What to do: Within the entries below, please return exactly the lines from the one with "Der Tiergarten Nürnberg" through the one with "祭り半纏に身を包んだ子供たち", leaving out any pictures.

(Data entries)
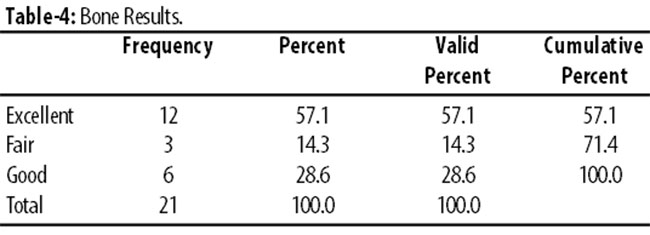 At final follow-up, the bone results were excellent in 12(57.1%) patients, good in 6(28.6%) and fair in 3(14.3%) (Table-4).
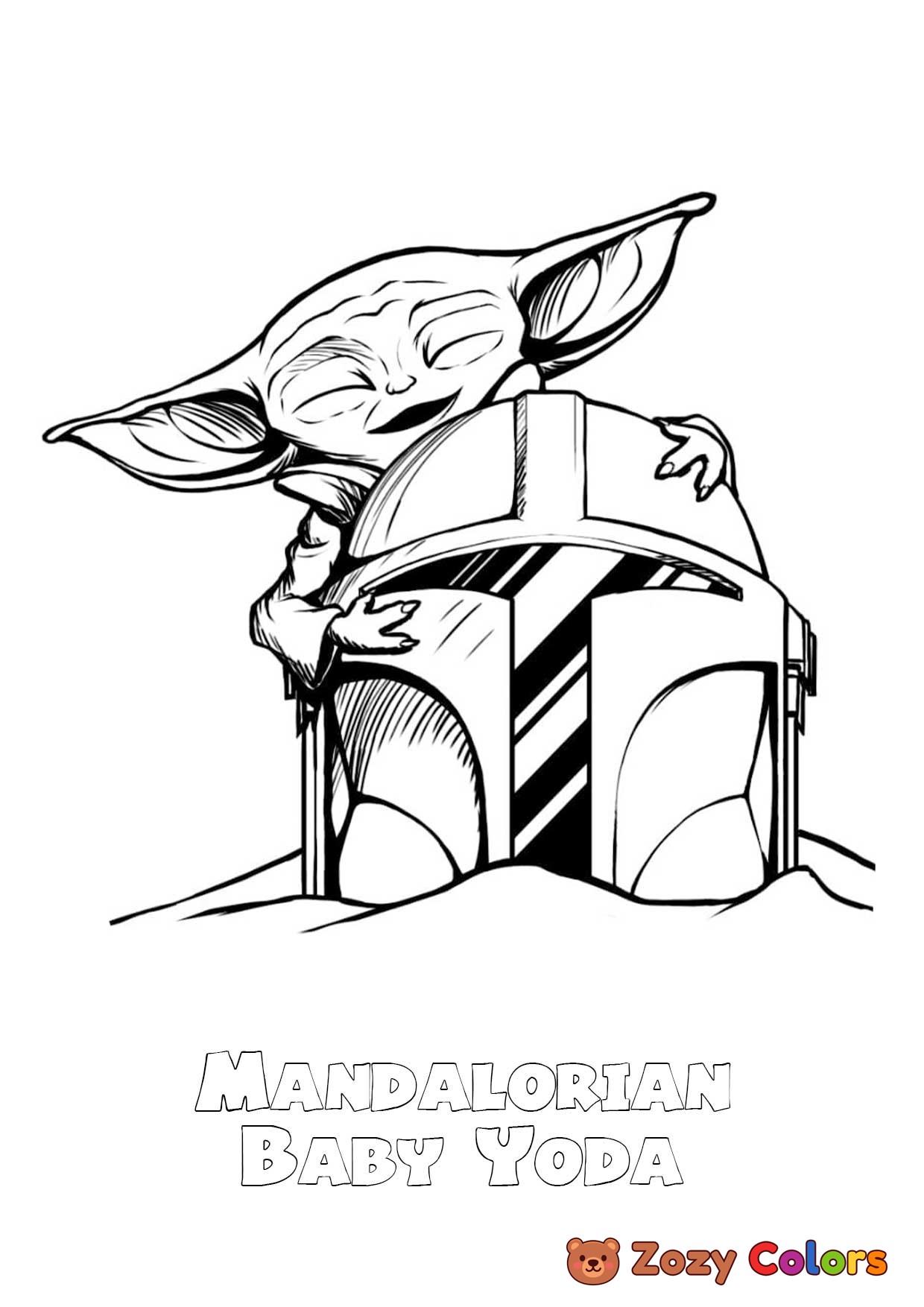 Mandalorian Baby Yoda. Coloring page to print or download and color for your kids.
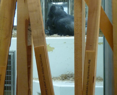 Der Tiergarten Nürnberg hat das Affenhaus unter Verwendung von verschiedenen Holzarten mit Holz von Hier Nachweis umgebaut. Zudem wurden die Einflussfaktoren auf die Gorillapopulationen diedaktisch aufbereitet und darüber informiert, was der Besucher für den Schutz der Gorillas tun kann – z.B. Produkte mit Holz von Hier Zertifikat nachfragen.
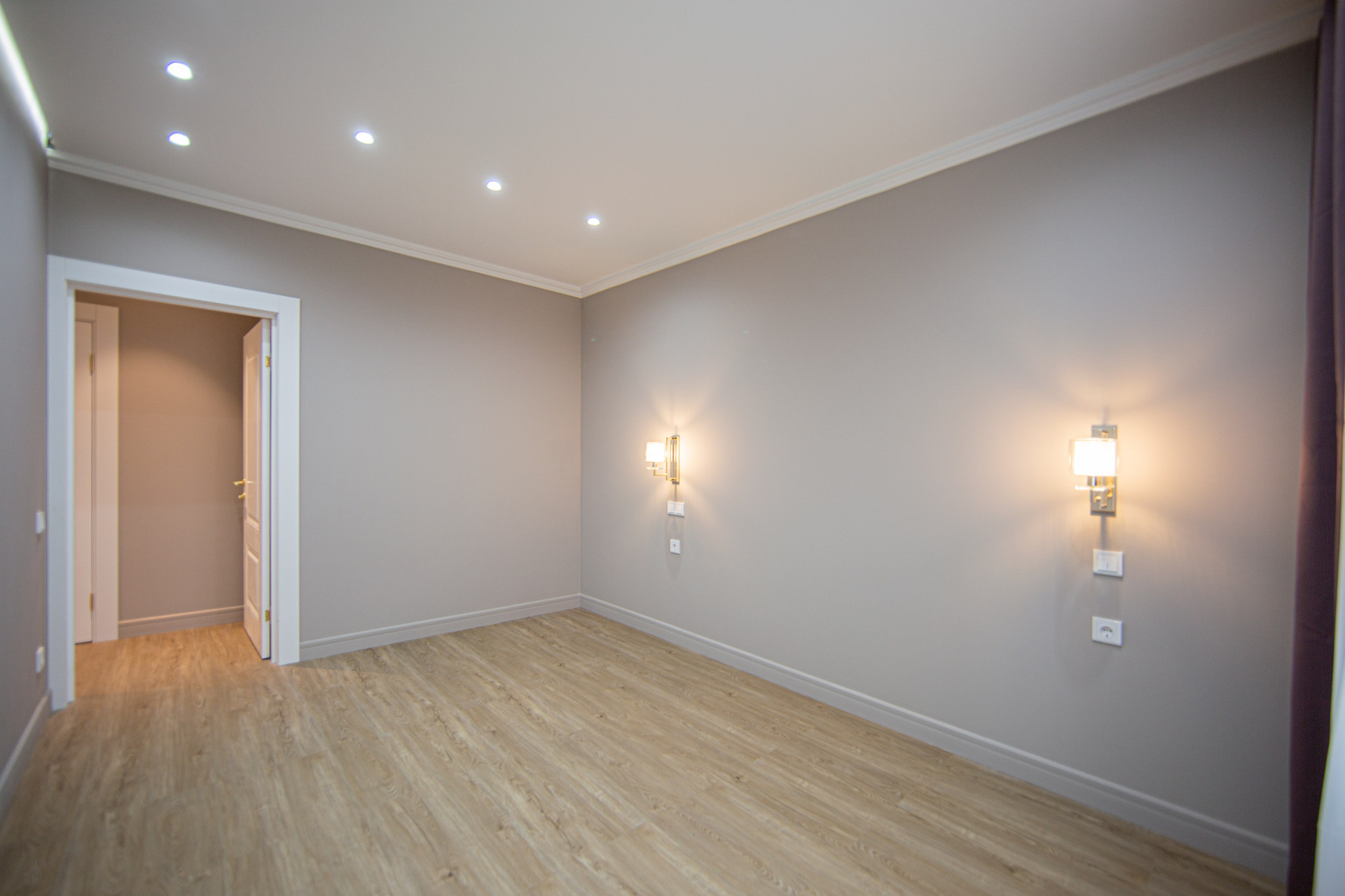 В уютной спальне скоро ждем установку двуспальной кровати в компании двух приктоватных тумб.
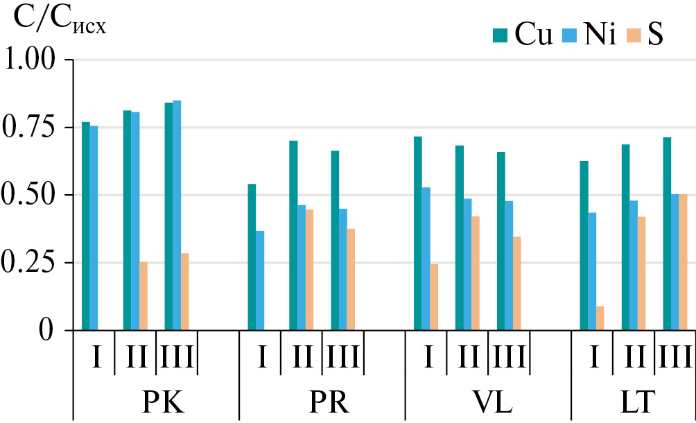 Проанализировано валовое содержание компонентов в пересчёте на прокалённый остаток. Статистический анализ показал, что относительная ошибка определения компонентов составляла для Cu 20–25%, для Ni 10–15% и для S 10–20%. По результатам эксперимента установлено достоверное (p <0.05) снижение содержания в почвосмесях указанных выше компонентов (рис. 7), причём доля выщелоченной из модулей фракции в вариантах с серпентинсодержащими материалами была меньше по сравнению с контрольным вариантом. В контрольном варианте доля выщелоченной фракции Cu и Ni изменялась в пределах 75–85%, что согласуется с данными работы [12] о содержании фракции, извлекаемой из РТ путём трёхкратной обработки ацетатно-аммонийным буфером.
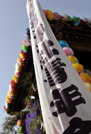 祭り半纏に身を包んだ子供たちや笠間稲荷囃子保存会の皆さんが山車を引き、五ヶ町内を軽快な囃子を奏でながら、願い事の書かれた絵馬を回収して廻ります。
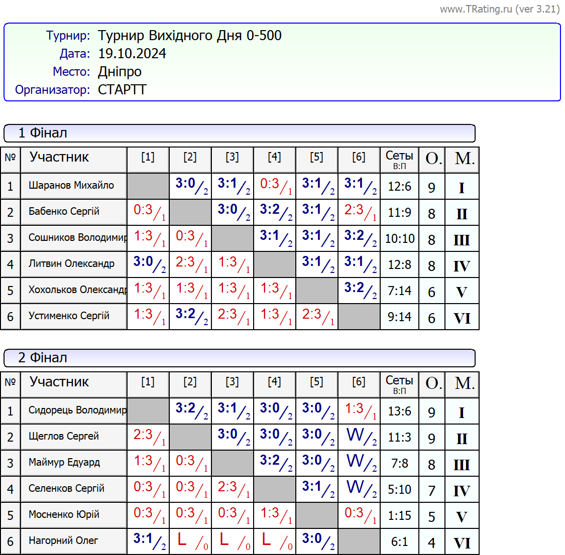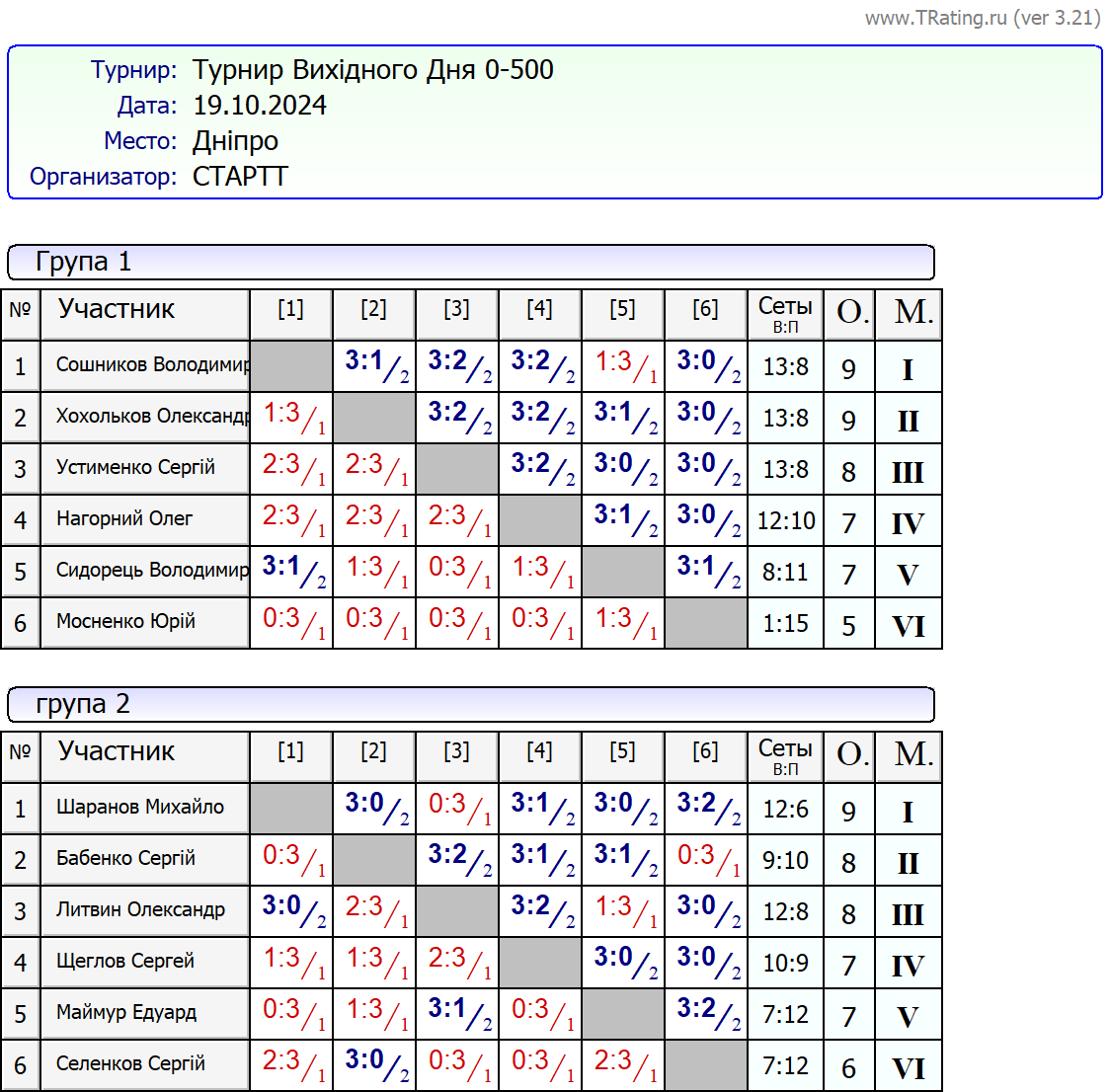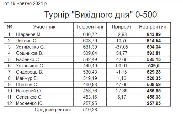 Результати турніру “Вихідного дня 0-500” за 19.10.2024

Exercise answer:
 Der Tiergarten Nürnberg hat das Affenhaus unter Verwendung von verschiedenen Holzarten mit Holz von Hier Nachweis umgebaut. Zudem wurden die Einflussfaktoren auf die Gorillapopulationen diedaktisch aufbereitet und darüber informiert, was der Besucher für den Schutz der Gorillas tun kann – z.B. Produkte mit Holz von Hier Zertifikat nachfragen.
 В уютной спальне скоро ждем установку двуспальной кровати в компании двух приктоватных тумб.
 Проанализировано валовое содержание компонентов в пересчёте на прокалённый остаток. Статистический анализ показал, что относительная ошибка определения компонентов составляла для Cu 20–25%, для Ni 10–15% и для S 10–20%. По результатам эксперимента установлено достоверное (p <0.05) снижение содержания в почвосмесях указанных выше компонентов (рис. 7), причём доля выщелоченной из модулей фракции в вариантах с серпентинсодержащими материалами была меньше по сравнению с контрольным вариантом. В контрольном варианте доля выщелоченной фракции Cu и Ni изменялась в пределах 75–85%, что согласуется с данными работы [12] о содержании фракции, извлекаемой из РТ путём трёхкратной обработки ацетатно-аммонийным буфером.
 祭り半纏に身を包んだ子供たちや笠間稲荷囃子保存会の皆さんが山車を引き、五ヶ町内を軽快な囃子を奏でながら、願い事の書かれた絵馬を回収して廻ります。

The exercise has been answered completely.